#### Data segment
--- --- ---
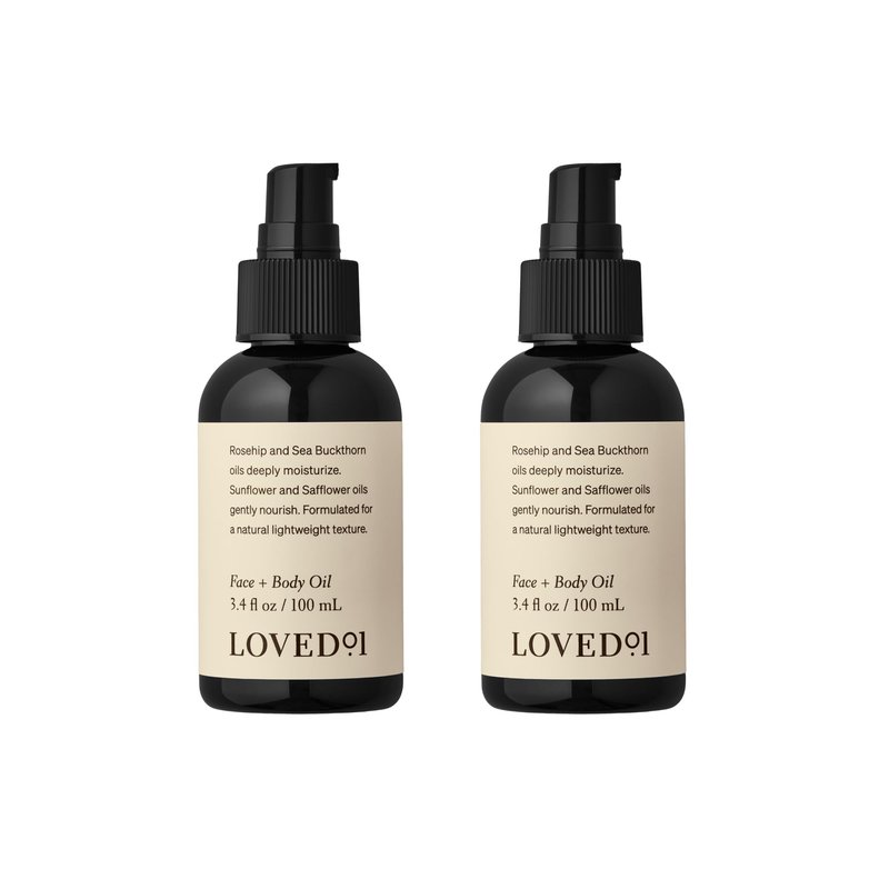 Loved01 Face & Body Oil, Daily Deep Hydration, Formulated with Rosehip and Sea Buckthorn Oils, 2-Pack (3.4 oz each)
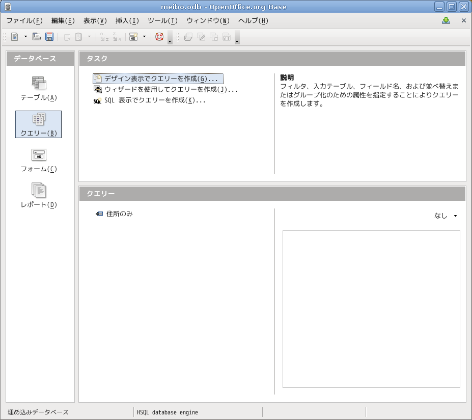 「住所のみ」というクエリーが現れました。
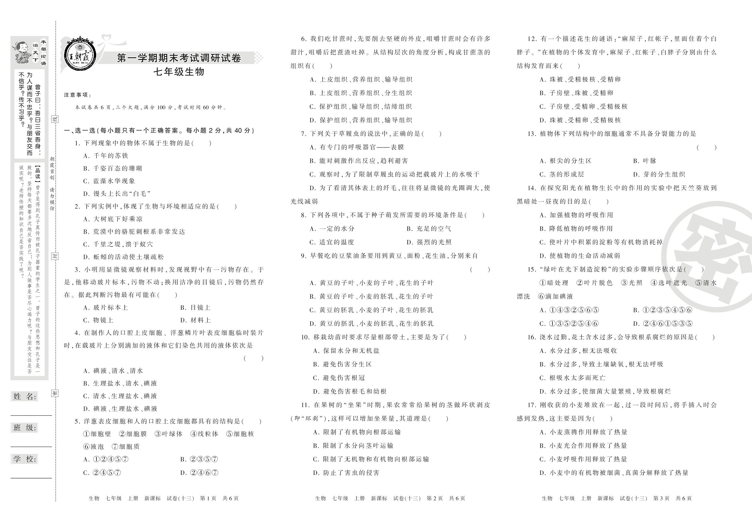 七年级生物新课标版上册期末卷
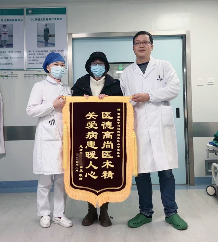 “当时,真的没抱多大希望,太感谢你们了!”转普通病房前夕,韩爷爷的家属专门定制“医德高尚医术精 关爱病患暖人心”的锦旗,送到该院重症医学科医护人员手中,表达感激之情。
--- --- ---
#### To do
Print the listing exactly. No pictures belong in the copy.

#### Worked solution
 Loved01 Face & Body Oil, Daily Deep Hydration, Formulated with Rosehip and Sea Buckthorn Oils, 2-Pack (3.4 oz each)
 「住所のみ」というクエリーが現れました。
 七年级生物新课标版上册期末卷
 “当时,真的没抱多大希望,太感谢你们了!”转普通病房前夕,韩爷爷的家属专门定制“医德高尚医术精 关爱病患暖人心”的锦旗,送到该院重症医学科医护人员手中,表达感激之情。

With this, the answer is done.